In fact, last year's international AIDS conference held in Bangkok tried to make amends for this lapse by becoming the first major global gathering on AIDS to address the impact the pandemic was having on senior citizens. 

''That was the first time organisers at an international meeting on AIDS took up this issue,'' added Paul. ''There was a sub-track on AIDS and ageing included at the conference.'' 

Yet such recognition of the vital role grandparents are playing in developing countries affected by AIDS has not translated to concrete measures eight months after that international event. 

''If the caregivers, the older people's role is not seriously acknowledged even now when we have 40 million people with AIDS, when will it be,'' lamented Paul. ''This generation needs help, because most of them depended on their children's income during old age. That money is no more due to AIDS -- and these older people have the orphans to care for.'' 

The need for money to care for orphaned grandchildren has even compelled some older people in the Chiang Mai area to work for 12 to 14 hours daily producing handicrafts for the local markets. 

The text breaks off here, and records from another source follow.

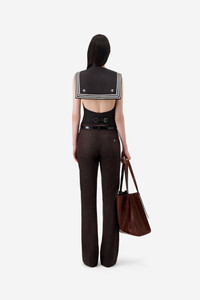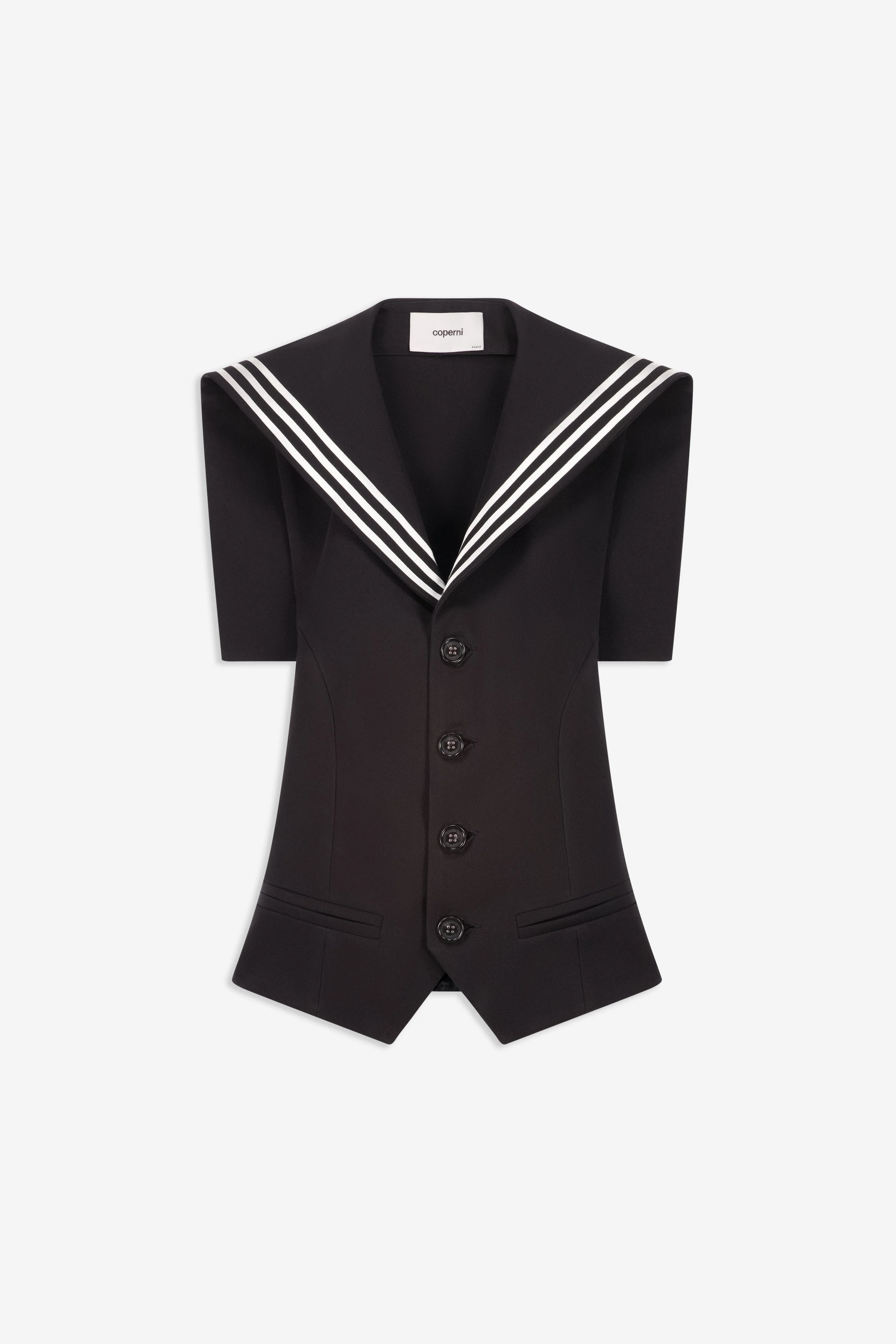 Tailored with precision, the Uniform Vest reimagines classic prep through modern Coperni lens. Cut from smooth technical fabric in black, its clean front silhouette is contrasted by an open back. A sailor collar is finished with delicate white trim and subtle embroidery. DETAILS - Composition: Recycled Polyester - Made in: Italy - Sku: COPT108F3004
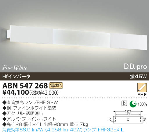 品名:蛍光灯ブラケット 畳数: 光源光色:蛍光灯(電球色)蛍45W 直管蛍光ランプFHF32W 鋼・ファインホワイト塗装 アクリル・透明消し アルミ・ファインホワイト 高-128 幅-1241 出幅-90mm 重-3.7kg 消費効率86.9lm/W
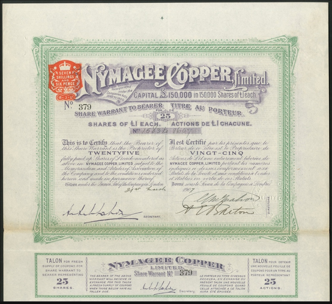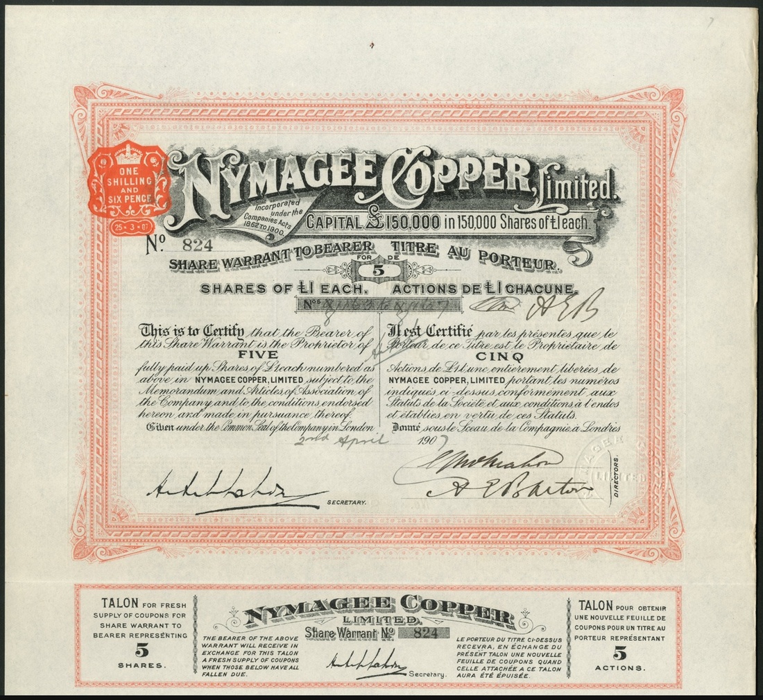 Australia: Nymagee Copper Limited, New South Wales, pair of certificates for 5 shares and 25 shares of £1, both 190[7], #824 and #379, ornate borders, red and green respectively, with coupons. EF (2).
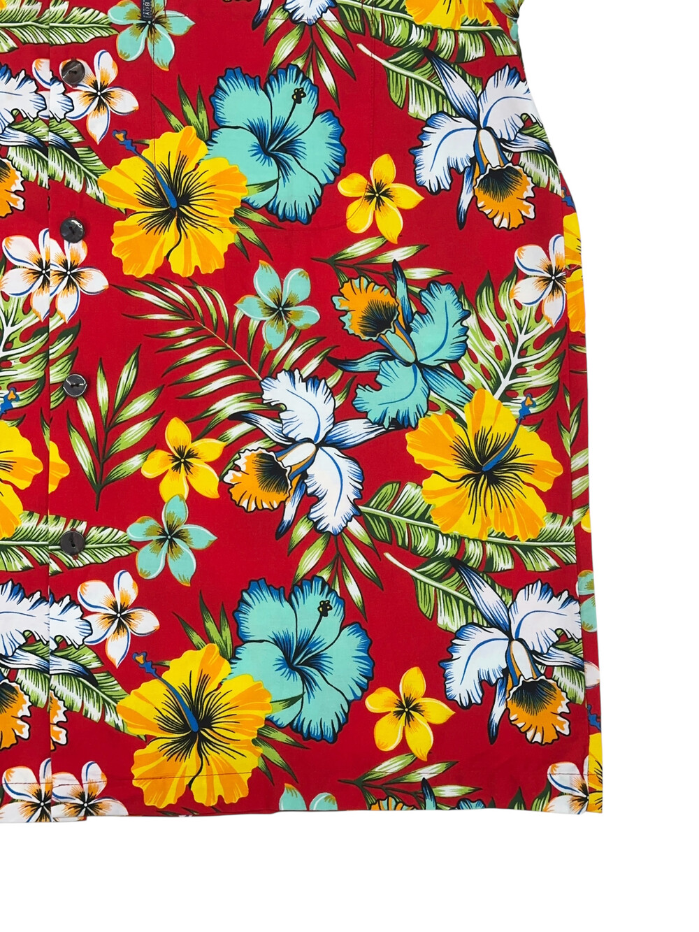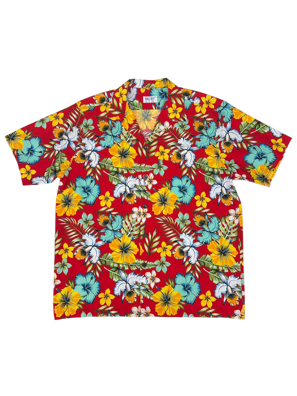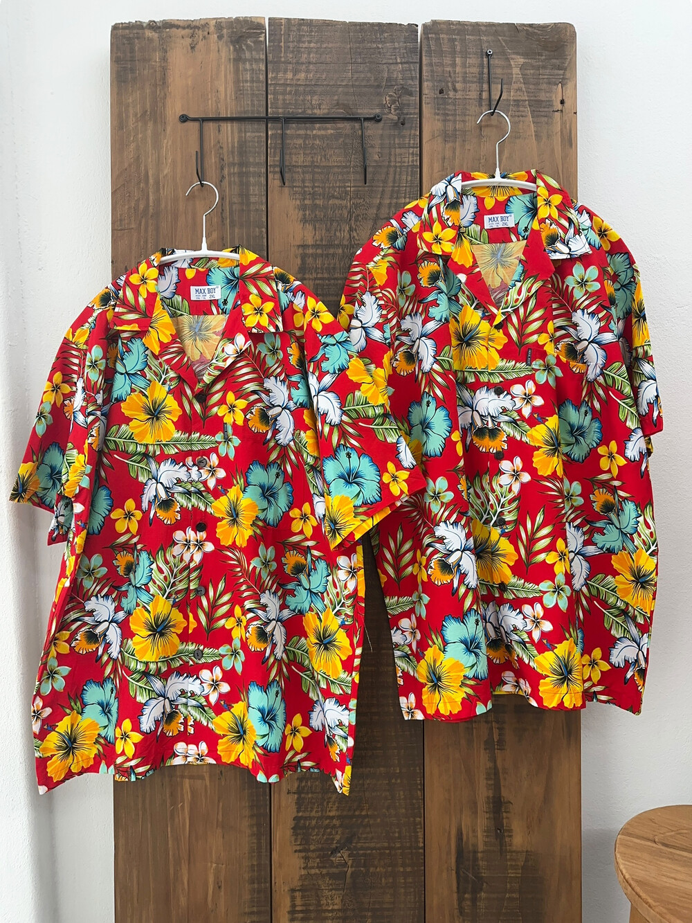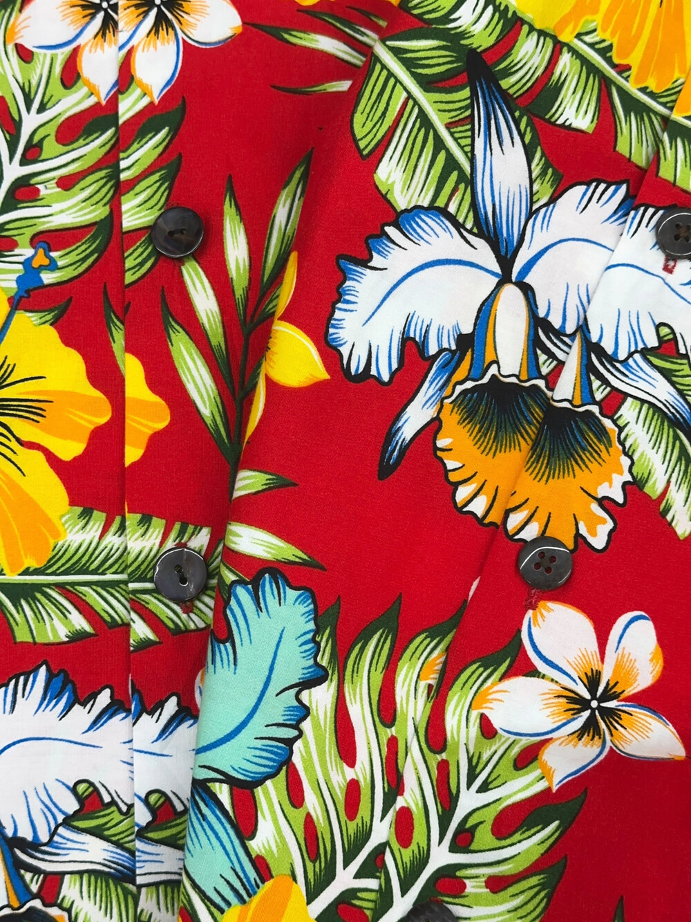쨍한 빨간색상의 하와이안 셔츠입니다.
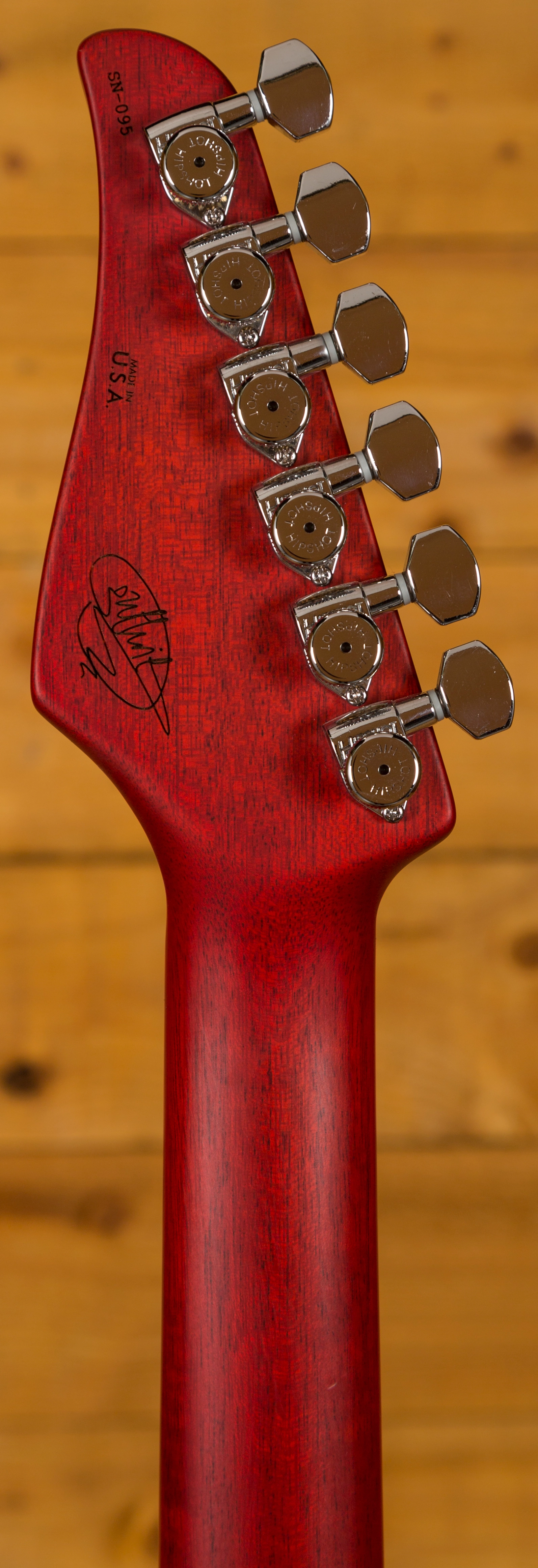 With a duo of SSV and SSH+ humbuckers flanking an ML singlecoil you get multiple tonal options. The tone knob is a push pull for coil splitting the neck pickup, while one of the coolest features is the little button next to the pickup switch. This reverts the guitar back to the bridge humbucker at full volume, giving you two individual sounds at the touch of a button. It's a superb guitar and definitely one worthy of such an enigmatic player.

In addition, grandparents as caregivers for AIDS orphans are also vulnerable in another regard - discrimination due to the stigma attached to the lethal disease. 

''Some of them become victims of stigmatisation,'' Prasert Techaboon, a 38-year-old who is living with HIV, told IPS. 

Yet that has not stopped the older people from caring for their grandchildren affected by AIDS, he added. ''They see it as their responsibility to care for the children. It is part of the culture. But the government must help them.'' 

Sixty-three-year-old Boon is typical of such a generation keeping alive a pillar of support in Asia's developing countries -- a safety net offered by an extended family in times of distress. 

''It is difficult to be a mother again at my age, but I must for Methini,'' she says.